> **Aim of the exercise**:
A faithful, complete transcript of the entries below, without pictures, should be returned.

> **Source data**:
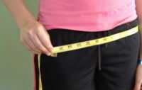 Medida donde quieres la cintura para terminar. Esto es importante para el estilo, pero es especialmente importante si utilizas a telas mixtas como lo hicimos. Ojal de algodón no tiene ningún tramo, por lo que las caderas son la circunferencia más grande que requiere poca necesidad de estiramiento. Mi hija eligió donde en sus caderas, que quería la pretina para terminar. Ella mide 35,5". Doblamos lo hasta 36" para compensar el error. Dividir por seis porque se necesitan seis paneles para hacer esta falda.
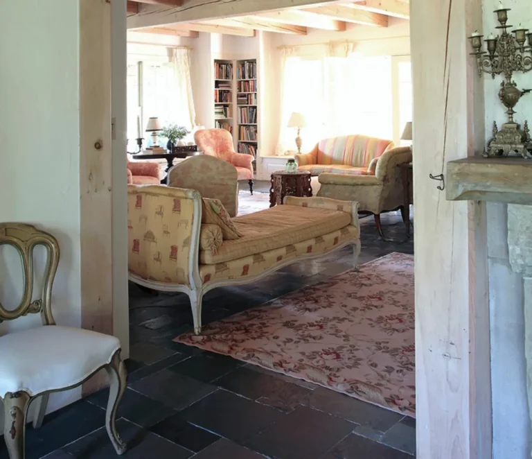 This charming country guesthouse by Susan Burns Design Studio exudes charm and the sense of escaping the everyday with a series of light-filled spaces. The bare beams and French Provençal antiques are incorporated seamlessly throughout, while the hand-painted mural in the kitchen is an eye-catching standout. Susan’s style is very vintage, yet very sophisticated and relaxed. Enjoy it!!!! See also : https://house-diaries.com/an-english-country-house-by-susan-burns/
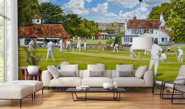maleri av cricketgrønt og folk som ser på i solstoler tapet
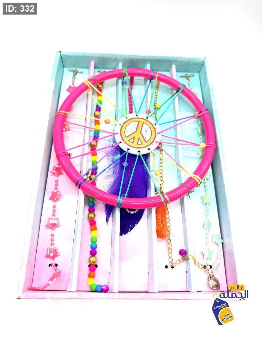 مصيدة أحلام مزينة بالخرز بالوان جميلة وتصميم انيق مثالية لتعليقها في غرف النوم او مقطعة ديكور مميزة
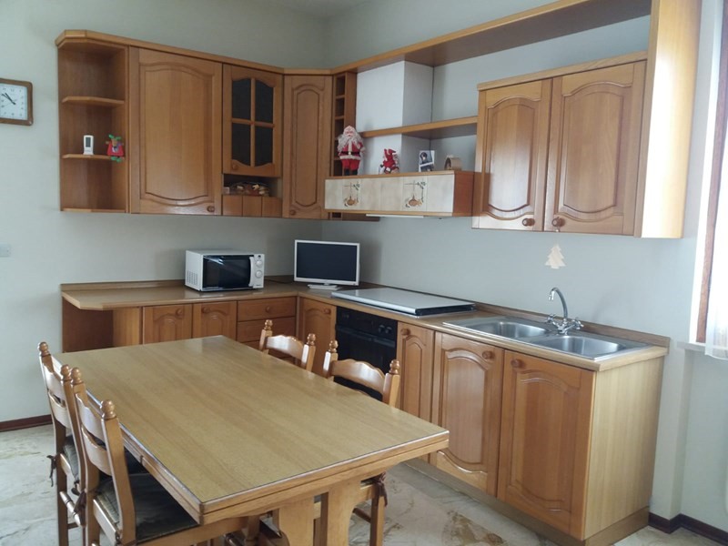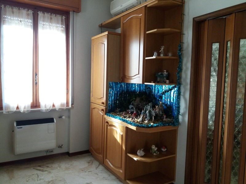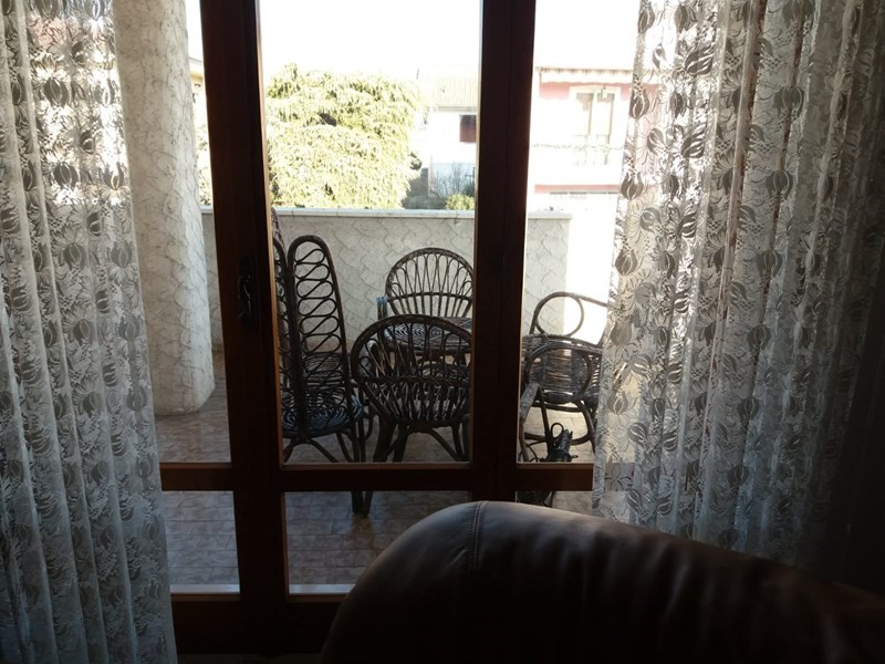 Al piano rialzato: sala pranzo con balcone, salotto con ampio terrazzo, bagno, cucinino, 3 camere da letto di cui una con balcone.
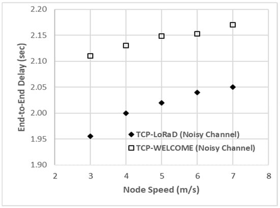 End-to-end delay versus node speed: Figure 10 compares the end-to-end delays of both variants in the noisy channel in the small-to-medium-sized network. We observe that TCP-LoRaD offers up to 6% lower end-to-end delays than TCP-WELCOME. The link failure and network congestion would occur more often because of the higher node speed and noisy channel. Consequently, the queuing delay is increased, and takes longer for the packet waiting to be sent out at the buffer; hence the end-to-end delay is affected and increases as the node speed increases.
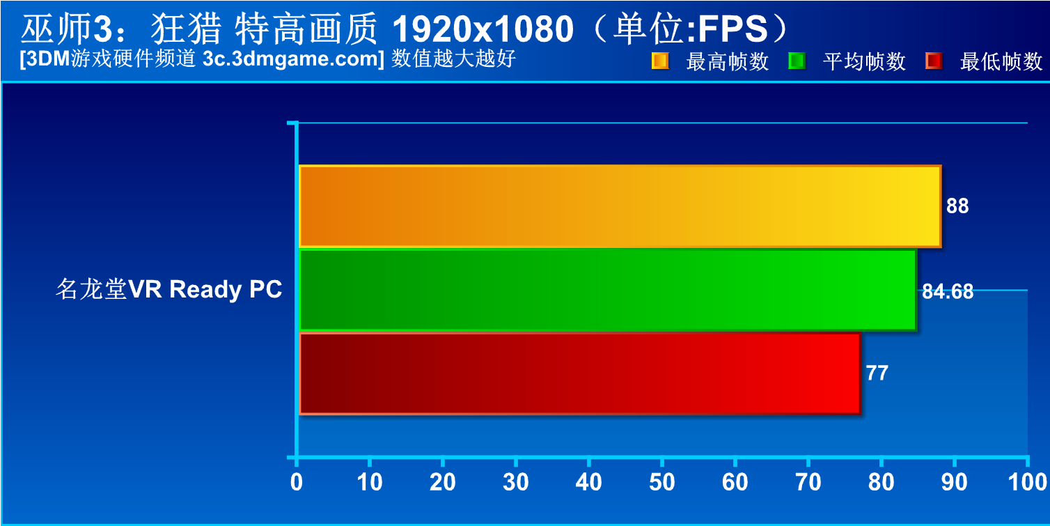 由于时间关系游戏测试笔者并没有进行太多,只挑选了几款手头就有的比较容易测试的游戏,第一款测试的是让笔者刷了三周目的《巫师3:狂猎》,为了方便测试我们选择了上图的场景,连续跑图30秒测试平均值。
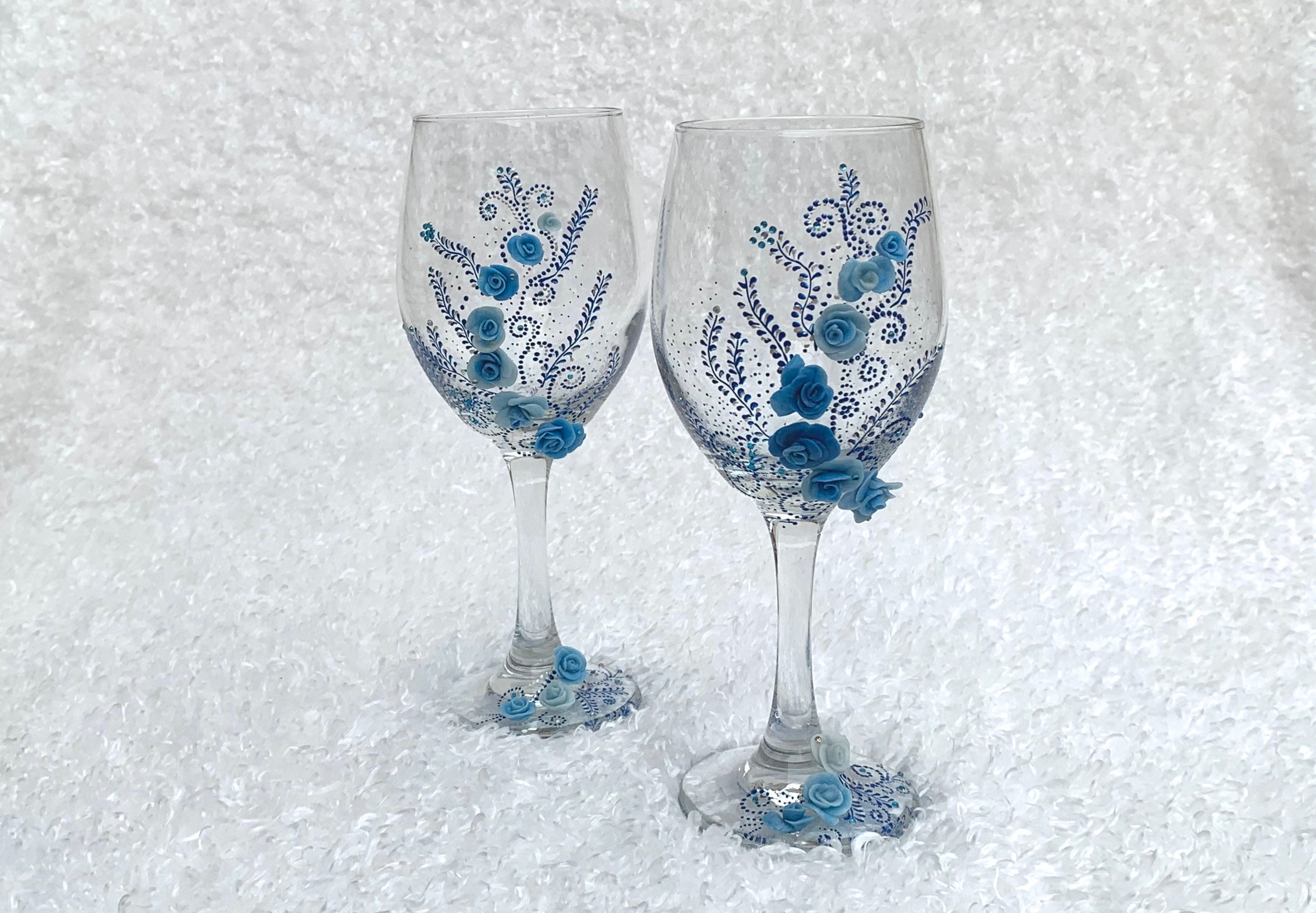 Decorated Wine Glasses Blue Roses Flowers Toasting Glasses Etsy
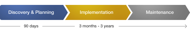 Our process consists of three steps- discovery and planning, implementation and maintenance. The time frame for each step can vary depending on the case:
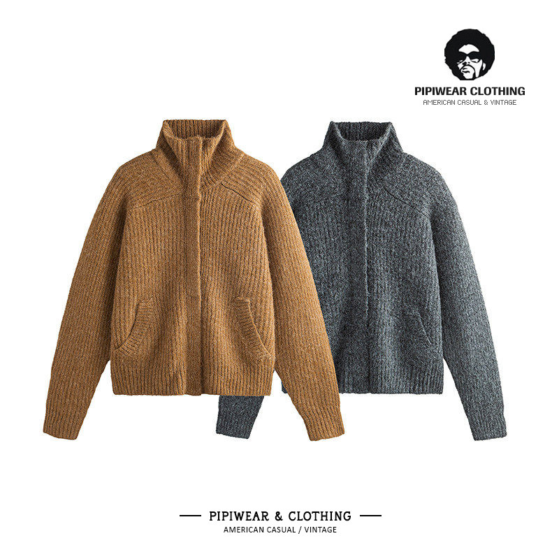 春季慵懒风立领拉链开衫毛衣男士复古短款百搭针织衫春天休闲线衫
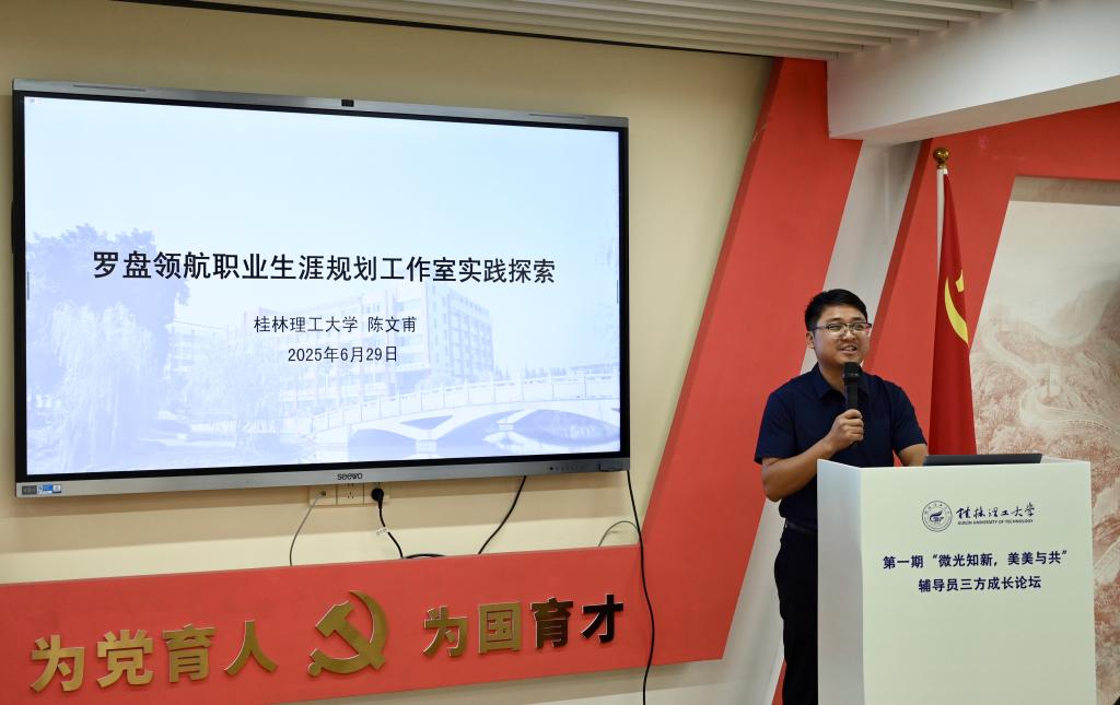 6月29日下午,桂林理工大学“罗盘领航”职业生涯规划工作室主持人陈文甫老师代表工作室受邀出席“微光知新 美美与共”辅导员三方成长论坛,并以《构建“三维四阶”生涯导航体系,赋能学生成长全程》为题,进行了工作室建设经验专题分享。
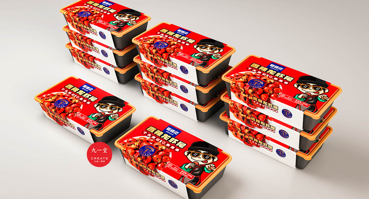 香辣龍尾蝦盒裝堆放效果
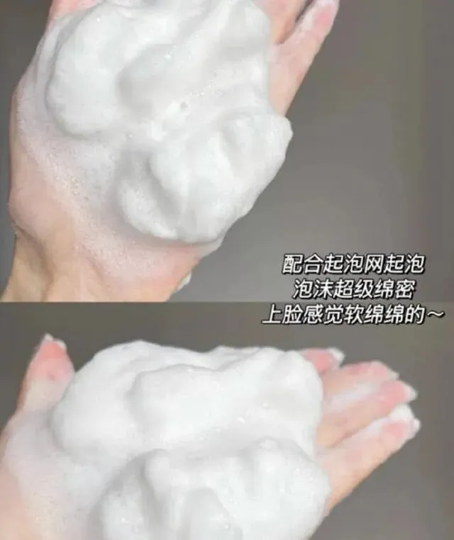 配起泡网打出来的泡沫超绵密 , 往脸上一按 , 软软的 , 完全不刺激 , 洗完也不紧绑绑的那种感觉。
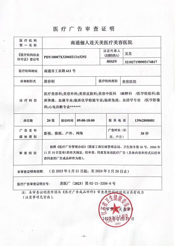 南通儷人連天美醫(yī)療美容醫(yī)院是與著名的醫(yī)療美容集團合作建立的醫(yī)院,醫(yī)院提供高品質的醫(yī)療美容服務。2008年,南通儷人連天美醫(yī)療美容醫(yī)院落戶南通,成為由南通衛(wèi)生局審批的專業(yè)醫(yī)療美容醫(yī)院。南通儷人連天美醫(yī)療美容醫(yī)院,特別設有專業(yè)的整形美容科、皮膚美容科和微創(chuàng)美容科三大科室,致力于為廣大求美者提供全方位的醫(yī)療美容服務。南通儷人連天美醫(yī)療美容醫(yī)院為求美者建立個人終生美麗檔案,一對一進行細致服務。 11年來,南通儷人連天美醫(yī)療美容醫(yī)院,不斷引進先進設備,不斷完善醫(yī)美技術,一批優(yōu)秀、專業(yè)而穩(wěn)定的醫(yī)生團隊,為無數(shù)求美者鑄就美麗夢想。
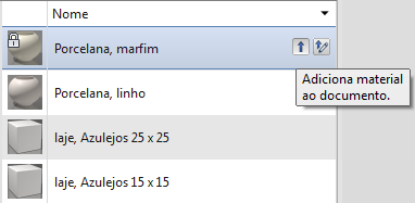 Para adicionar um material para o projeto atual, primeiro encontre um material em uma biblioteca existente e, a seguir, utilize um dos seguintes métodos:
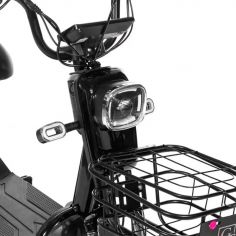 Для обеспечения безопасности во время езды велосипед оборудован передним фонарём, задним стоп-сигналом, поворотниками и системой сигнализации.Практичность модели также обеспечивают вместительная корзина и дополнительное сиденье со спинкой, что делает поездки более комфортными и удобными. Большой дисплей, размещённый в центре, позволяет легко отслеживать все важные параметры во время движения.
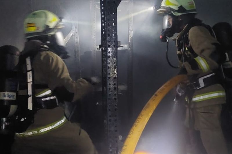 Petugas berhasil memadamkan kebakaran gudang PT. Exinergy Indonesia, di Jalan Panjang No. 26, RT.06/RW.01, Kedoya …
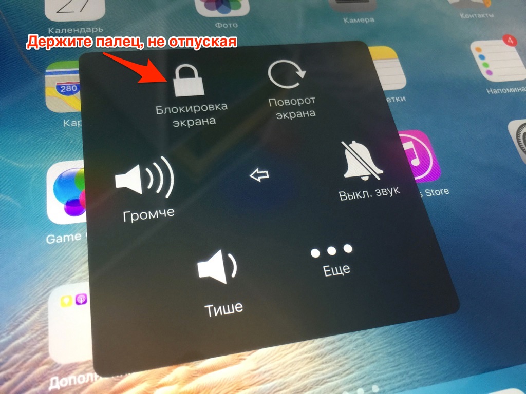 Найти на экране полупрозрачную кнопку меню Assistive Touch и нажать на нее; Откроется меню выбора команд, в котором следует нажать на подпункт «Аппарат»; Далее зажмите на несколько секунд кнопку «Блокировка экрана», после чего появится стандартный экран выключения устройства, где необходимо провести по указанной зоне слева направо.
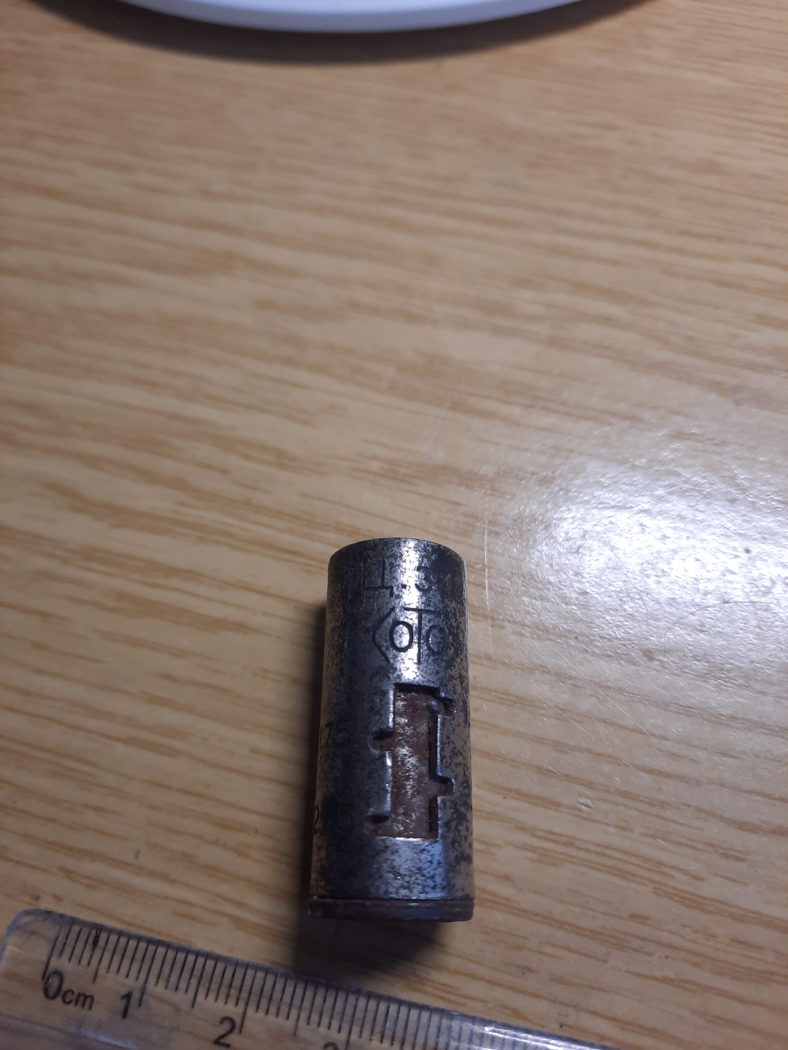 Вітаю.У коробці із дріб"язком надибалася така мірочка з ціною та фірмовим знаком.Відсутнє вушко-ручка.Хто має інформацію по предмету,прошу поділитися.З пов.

> **Answer to this task**:
 Medida donde quieres la cintura para terminar. Esto es importante para el estilo, pero es especialmente importante si utilizas a telas mixtas como lo hicimos. Ojal de algodón no tiene ningún tramo, por lo que las caderas son la circunferencia más grande que requiere poca necesidad de estiramiento. Mi hija eligió donde en sus caderas, que quería la pretina para terminar. Ella mide 35,5". Doblamos lo hasta 36" para compensar el error. Dividir por seis porque se necesitan seis paneles para hacer esta falda.
 This charming country guesthouse by Susan Burns Design Studio exudes charm and the sense of escaping the everyday with a series of light-filled spaces. The bare beams and French Provençal antiques are incorporated seamlessly throughout, while the hand-painted mural in the kitchen is an eye-catching standout. Susan’s style is very vintage, yet very sophisticated and relaxed. Enjoy it!!!! See also : https://house-diaries.com/an-english-country-house-by-susan-burns/
maleri av cricketgrønt og folk som ser på i solstoler tapet
 مصيدة أحلام مزينة بالخرز بالوان جميلة وتصميم انيق مثالية لتعليقها في غرف النوم او مقطعة ديكور مميزة
 Al piano rialzato: sala pranzo con balcone, salotto con ampio terrazzo, bagno, cucinino, 3 camere da letto di cui una con balcone.
 End-to-end delay versus node speed: Figure 10 compares the end-to-end delays of both variants in the noisy channel in the small-to-medium-sized network. We observe that TCP-LoRaD offers up to 6% lower end-to-end delays than TCP-WELCOME. The link failure and network congestion would occur more often because of the higher node speed and noisy channel. Consequently, the queuing delay is increased, and takes longer for the packet waiting to be sent out at the buffer; hence the end-to-end delay is affected and increases as the node speed increases.
 由于时间关系游戏测试笔者并没有进行太多,只挑选了几款手头就有的比较容易测试的游戏,第一款测试的是让笔者刷了三周目的《巫师3:狂猎》,为了方便测试我们选择了上图的场景,连续跑图30秒测试平均值。
 Decorated Wine Glasses Blue Roses Flowers Toasting Glasses Etsy
 Our process consists of three steps- discovery and planning, implementation and maintenance. The time frame for each step can vary depending on the case:
 春季慵懒风立领拉链开衫毛衣男士复古短款百搭针织衫春天休闲线衫
 6月29日下午,桂林理工大学“罗盘领航”职业生涯规划工作室主持人陈文甫老师代表工作室受邀出席“微光知新 美美与共”辅导员三方成长论坛,并以《构建“三维四阶”生涯导航体系,赋能学生成长全程》为题,进行了工作室建设经验专题分享。
 香辣龍尾蝦盒裝堆放效果
 配起泡网打出来的泡沫超绵密 , 往脸上一按 , 软软的 , 完全不刺激 , 洗完也不紧绑绑的那种感觉。
 南通儷人連天美醫(yī)療美容醫(yī)院是與著名的醫(yī)療美容集團合作建立的醫(yī)院,醫(yī)院提供高品質的醫(yī)療美容服務。2008年,南通儷人連天美醫(yī)療美容醫(yī)院落戶南通,成為由南通衛(wèi)生局審批的專業(yè)醫(yī)療美容醫(yī)院。南通儷人連天美醫(yī)療美容醫(yī)院,特別設有專業(yè)的整形美容科、皮膚美容科和微創(chuàng)美容科三大科室,致力于為廣大求美者提供全方位的醫(yī)療美容服務。南通儷人連天美醫(yī)療美容醫(yī)院為求美者建立個人終生美麗檔案,一對一進行細致服務。 11年來,南通儷人連天美醫(yī)療美容醫(yī)院,不斷引進先進設備,不斷完善醫(yī)美技術,一批優(yōu)秀、專業(yè)而穩(wěn)定的醫(yī)生團隊,為無數(shù)求美者鑄就美麗夢想。
 Para adicionar um material para o projeto atual, primeiro encontre um material em uma biblioteca existente e, a seguir, utilize um dos seguintes métodos:
 Для обеспечения безопасности во время езды велосипед оборудован передним фонарём, задним стоп-сигналом, поворотниками и системой сигнализации.Практичность модели также обеспечивают вместительная корзина и дополнительное сиденье со спинкой, что делает поездки более комфортными и удобными. Большой дисплей, размещённый в центре, позволяет легко отслеживать все важные параметры во время движения.
 Petugas berhasil memadamkan kebakaran gudang PT. Exinergy Indonesia, di Jalan Panjang No. 26, RT.06/RW.01, Kedoya …
 Найти на экране полупрозрачную кнопку меню Assistive Touch и нажать на нее; Откроется меню выбора команд, в котором следует нажать на подпункт «Аппарат»; Далее зажмите на несколько секунд кнопку «Блокировка экрана», после чего появится стандартный экран выключения устройства, где необходимо провести по указанной зоне слева направо.
 Вітаю.У коробці із дріб"язком надибалася така мірочка з ціною та фірмовим знаком.Відсутнє вушко-ручка.Хто має інформацію по предмету,прошу поділитися.З пов.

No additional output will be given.